WHAT THIS TASK INVOLVES – Transcribe word for word the section of the records below that opens with the line containing "- Heat oil , fry" and closes with the line containing "The image features"; drop every picture.

SUPPLIED RECORDS –
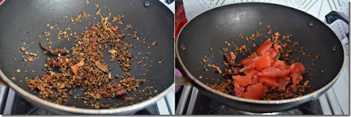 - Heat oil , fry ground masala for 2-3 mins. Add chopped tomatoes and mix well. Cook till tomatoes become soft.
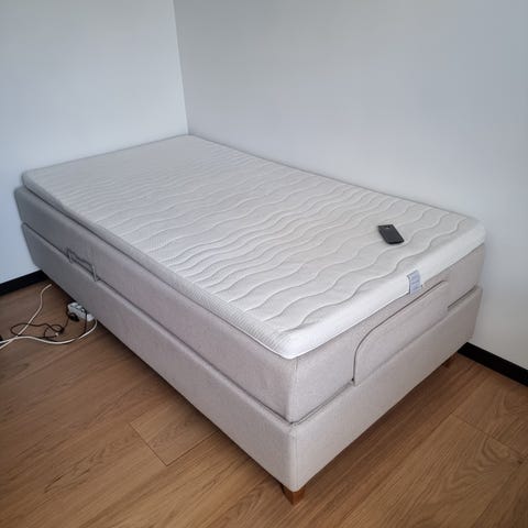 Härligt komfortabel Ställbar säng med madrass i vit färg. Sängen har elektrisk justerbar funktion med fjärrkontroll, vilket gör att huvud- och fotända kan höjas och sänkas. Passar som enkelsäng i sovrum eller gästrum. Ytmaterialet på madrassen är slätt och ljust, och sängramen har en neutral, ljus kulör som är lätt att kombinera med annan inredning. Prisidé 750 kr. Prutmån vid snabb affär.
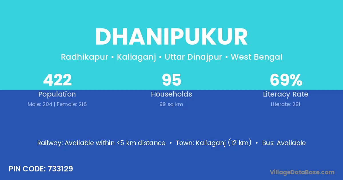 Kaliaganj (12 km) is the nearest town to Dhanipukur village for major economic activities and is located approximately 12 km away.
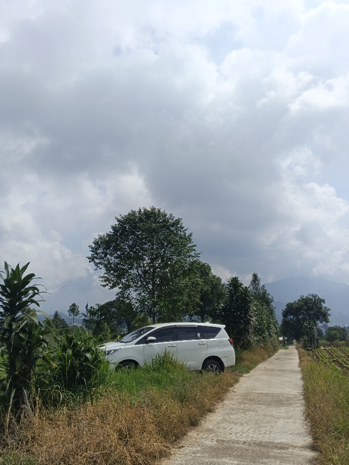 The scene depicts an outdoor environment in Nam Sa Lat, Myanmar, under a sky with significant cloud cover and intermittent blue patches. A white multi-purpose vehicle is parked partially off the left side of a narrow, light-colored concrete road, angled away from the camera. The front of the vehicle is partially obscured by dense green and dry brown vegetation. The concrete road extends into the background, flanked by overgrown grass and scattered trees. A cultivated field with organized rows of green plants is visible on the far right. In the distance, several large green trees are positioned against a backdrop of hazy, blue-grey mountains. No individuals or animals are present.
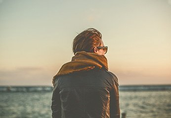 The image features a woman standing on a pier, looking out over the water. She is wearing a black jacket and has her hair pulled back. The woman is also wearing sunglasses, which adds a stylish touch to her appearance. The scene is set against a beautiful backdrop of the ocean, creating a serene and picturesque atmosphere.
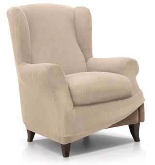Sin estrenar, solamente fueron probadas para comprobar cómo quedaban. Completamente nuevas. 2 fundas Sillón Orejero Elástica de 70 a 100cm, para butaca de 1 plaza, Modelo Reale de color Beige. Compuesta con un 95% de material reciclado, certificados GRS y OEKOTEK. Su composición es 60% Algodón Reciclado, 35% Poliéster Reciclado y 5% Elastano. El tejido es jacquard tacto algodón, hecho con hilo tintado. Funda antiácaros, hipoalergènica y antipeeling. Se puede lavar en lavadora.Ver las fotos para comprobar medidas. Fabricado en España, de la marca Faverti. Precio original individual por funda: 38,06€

---

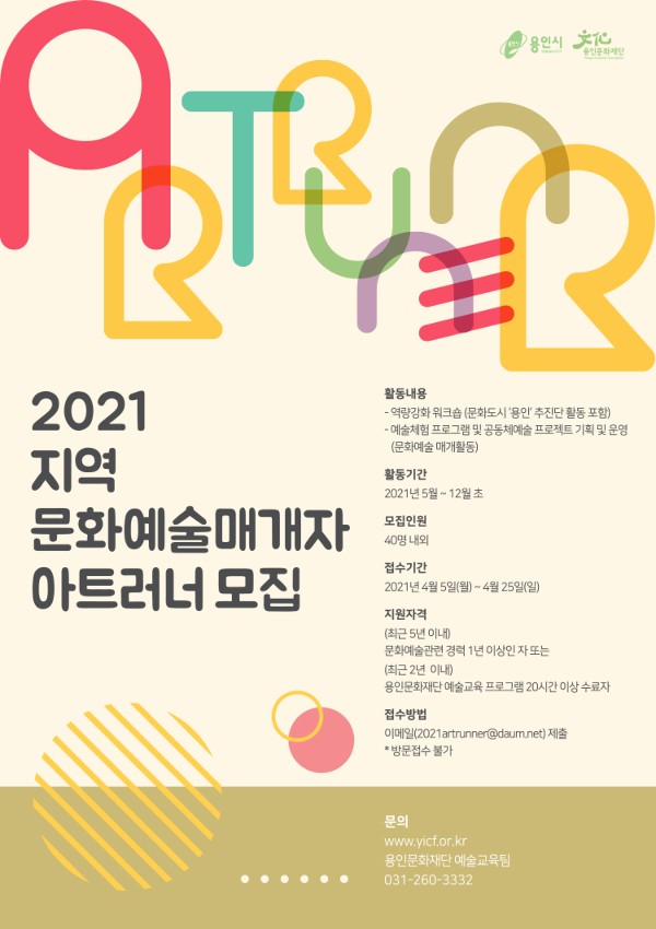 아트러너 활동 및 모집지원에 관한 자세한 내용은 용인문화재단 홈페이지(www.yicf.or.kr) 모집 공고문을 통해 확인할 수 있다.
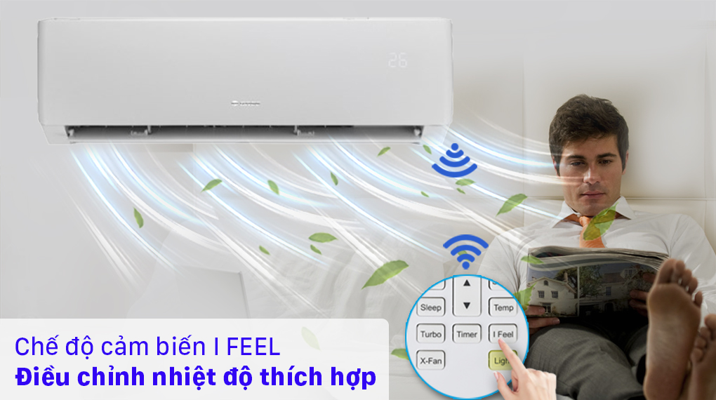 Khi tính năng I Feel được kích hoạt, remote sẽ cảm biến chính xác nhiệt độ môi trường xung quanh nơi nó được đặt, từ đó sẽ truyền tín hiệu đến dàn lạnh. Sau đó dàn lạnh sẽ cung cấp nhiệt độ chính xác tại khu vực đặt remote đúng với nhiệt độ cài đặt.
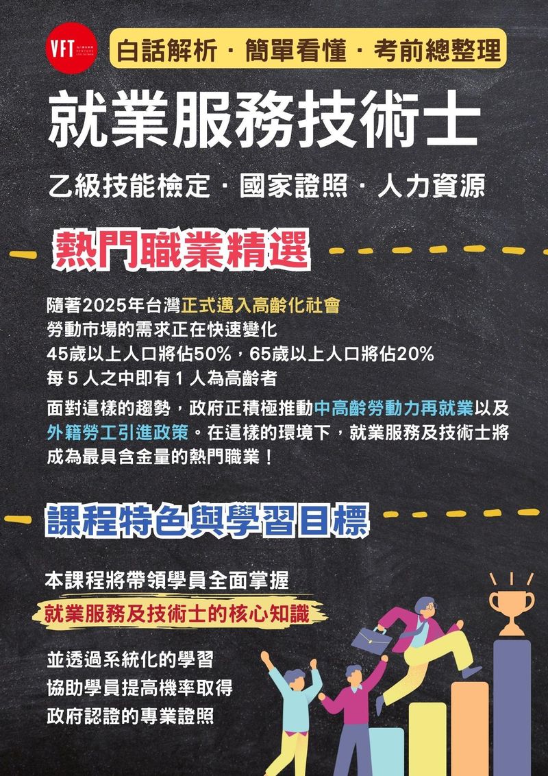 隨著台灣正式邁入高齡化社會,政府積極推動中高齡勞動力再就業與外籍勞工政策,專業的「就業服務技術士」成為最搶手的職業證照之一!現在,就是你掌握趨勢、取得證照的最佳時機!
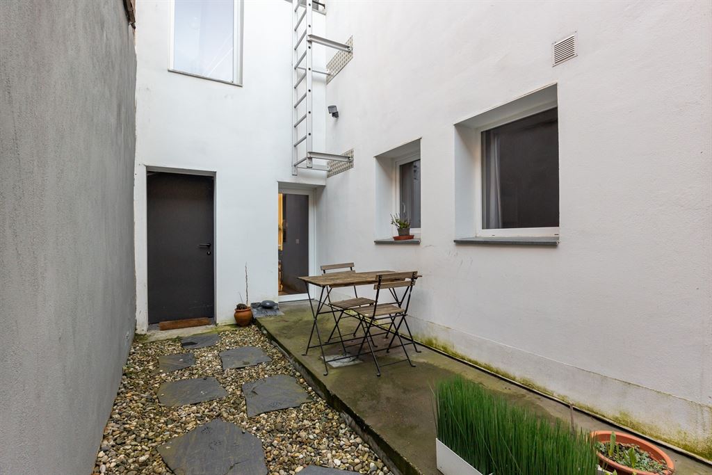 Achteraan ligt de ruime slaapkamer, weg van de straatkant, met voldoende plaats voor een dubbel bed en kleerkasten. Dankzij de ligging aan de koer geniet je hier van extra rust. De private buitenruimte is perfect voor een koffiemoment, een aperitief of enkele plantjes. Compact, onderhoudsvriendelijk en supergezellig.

==

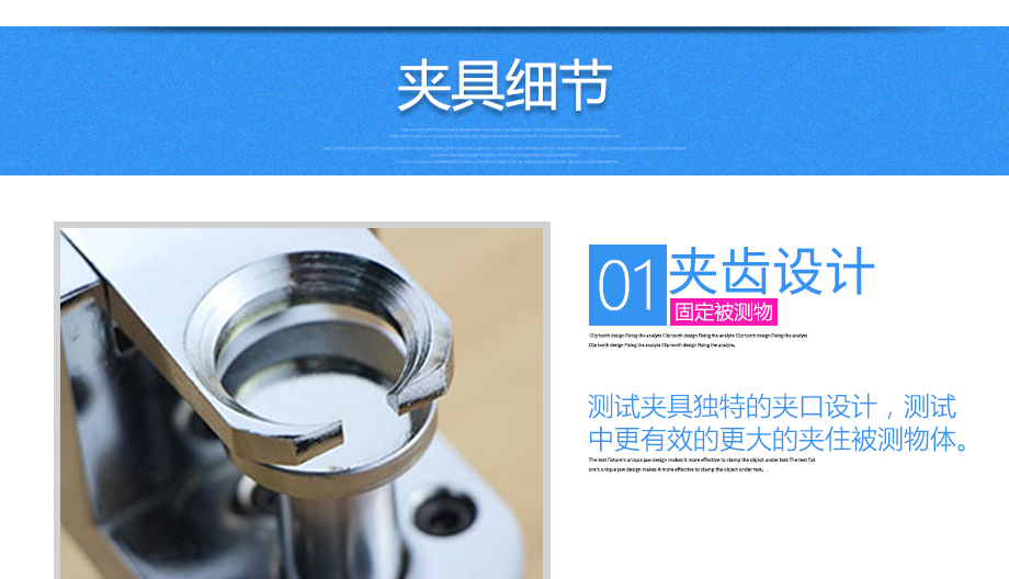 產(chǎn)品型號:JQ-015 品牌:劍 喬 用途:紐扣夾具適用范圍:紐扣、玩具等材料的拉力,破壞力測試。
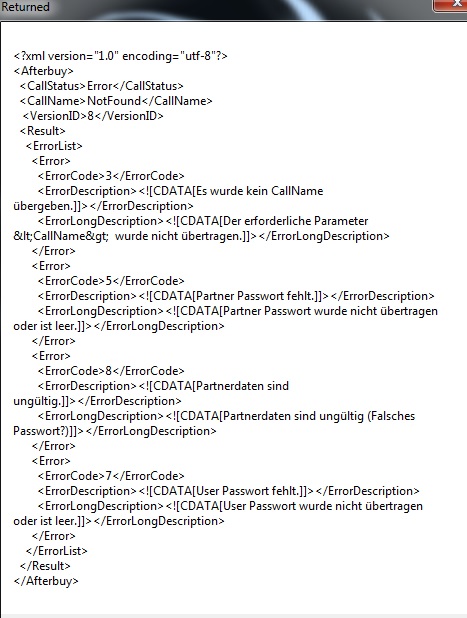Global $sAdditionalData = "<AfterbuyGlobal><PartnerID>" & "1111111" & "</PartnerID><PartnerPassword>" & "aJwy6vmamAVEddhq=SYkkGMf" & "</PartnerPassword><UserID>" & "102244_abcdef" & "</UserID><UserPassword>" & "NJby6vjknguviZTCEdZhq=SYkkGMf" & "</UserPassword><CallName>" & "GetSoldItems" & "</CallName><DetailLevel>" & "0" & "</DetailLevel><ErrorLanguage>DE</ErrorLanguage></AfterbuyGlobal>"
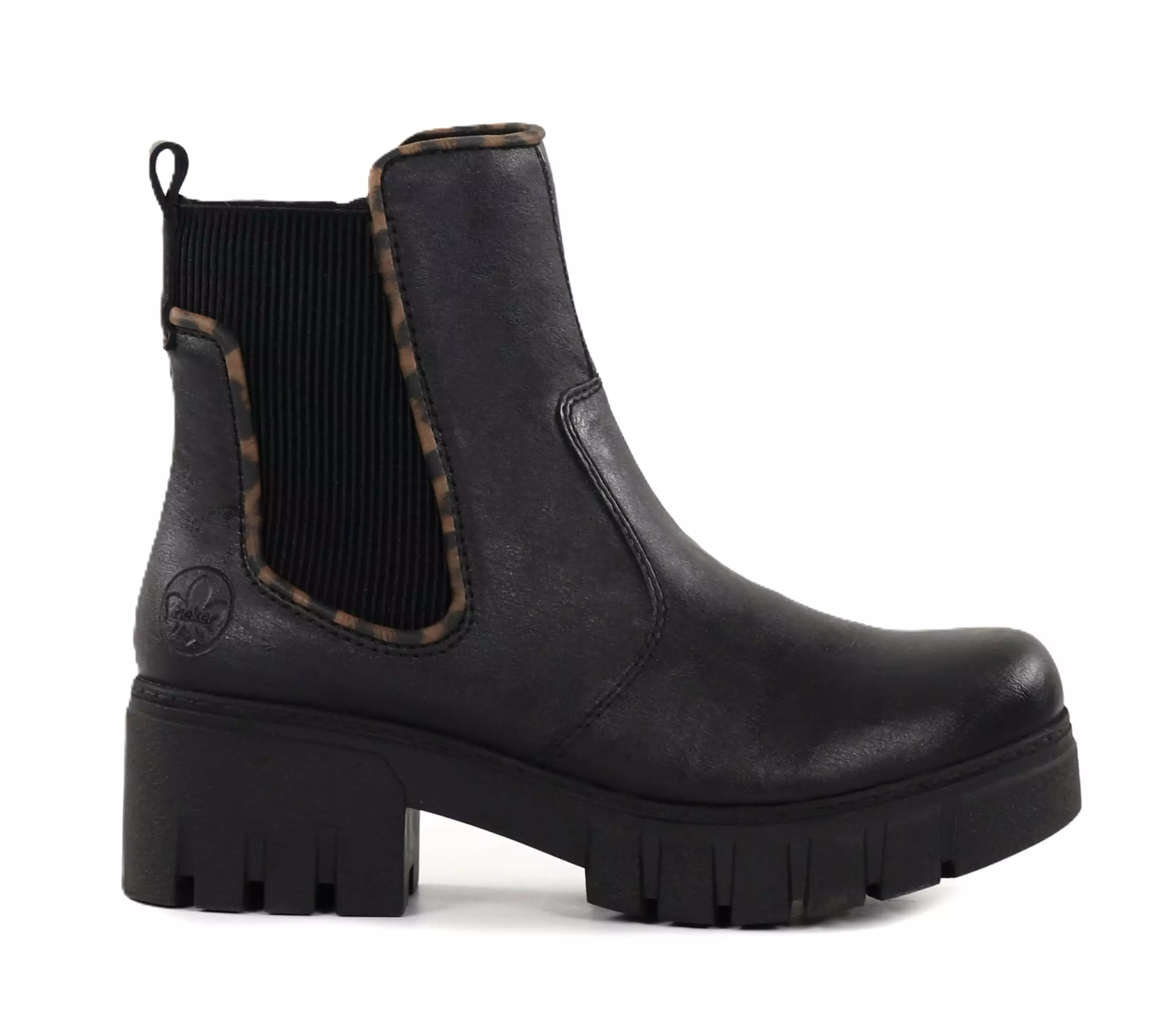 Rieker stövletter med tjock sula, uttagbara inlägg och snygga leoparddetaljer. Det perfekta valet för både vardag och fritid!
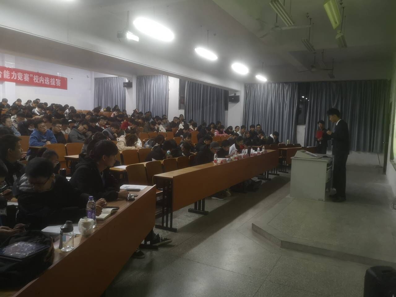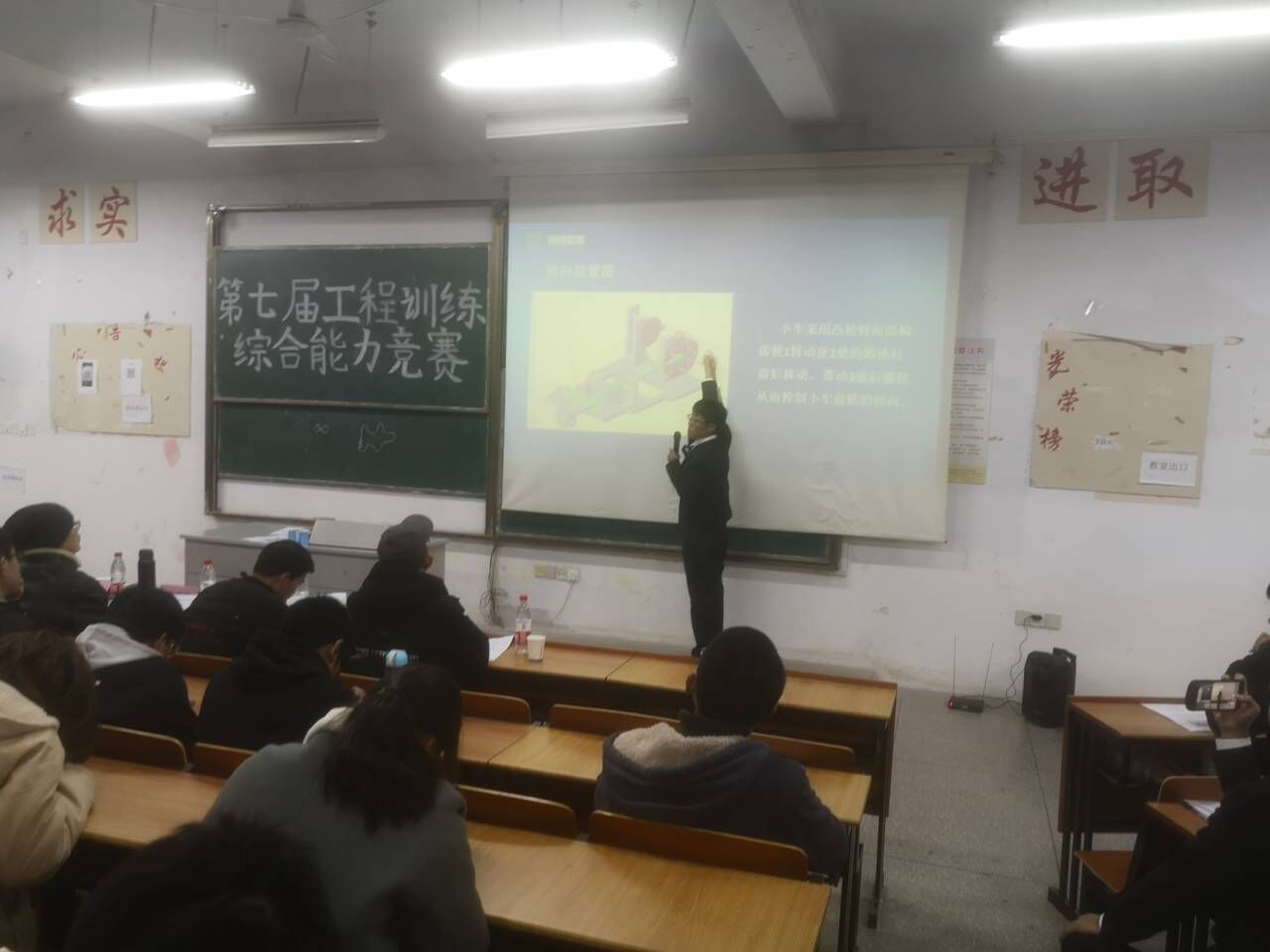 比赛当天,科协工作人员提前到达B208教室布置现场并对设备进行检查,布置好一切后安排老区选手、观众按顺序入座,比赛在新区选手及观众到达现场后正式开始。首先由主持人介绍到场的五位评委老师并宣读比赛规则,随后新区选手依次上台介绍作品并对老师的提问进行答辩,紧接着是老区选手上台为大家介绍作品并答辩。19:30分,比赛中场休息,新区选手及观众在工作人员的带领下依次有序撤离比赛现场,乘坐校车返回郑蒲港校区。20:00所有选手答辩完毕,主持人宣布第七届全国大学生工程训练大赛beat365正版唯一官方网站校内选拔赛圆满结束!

SOLUTION FOR THIS EXERCISE –
 - Heat oil , fry ground masala for 2-3 mins. Add chopped tomatoes and mix well. Cook till tomatoes become soft.
 Härligt komfortabel Ställbar säng med madrass i vit färg. Sängen har elektrisk justerbar funktion med fjärrkontroll, vilket gör att huvud- och fotända kan höjas och sänkas. Passar som enkelsäng i sovrum eller gästrum. Ytmaterialet på madrassen är slätt och ljust, och sängramen har en neutral, ljus kulör som är lätt att kombinera med annan inredning. Prisidé 750 kr. Prutmån vid snabb affär.
 Kaliaganj (12 km) is the nearest town to Dhanipukur village for major economic activities and is located approximately 12 km away.
 The scene depicts an outdoor environment in Nam Sa Lat, Myanmar, under a sky with significant cloud cover and intermittent blue patches. A white multi-purpose vehicle is parked partially off the left side of a narrow, light-colored concrete road, angled away from the camera. The front of the vehicle is partially obscured by dense green and dry brown vegetation. The concrete road extends into the background, flanked by overgrown grass and scattered trees. A cultivated field with organized rows of green plants is visible on the far right. In the distance, several large green trees are positioned against a backdrop of hazy, blue-grey mountains. No individuals or animals are present.
 The image features a woman standing on a pier, looking out over the water. She is wearing a black jacket and has her hair pulled back. The woman is also wearing sunglasses, which adds a stylish touch to her appearance. The scene is set against a beautiful backdrop of the ocean, creating a serene and picturesque atmosphere.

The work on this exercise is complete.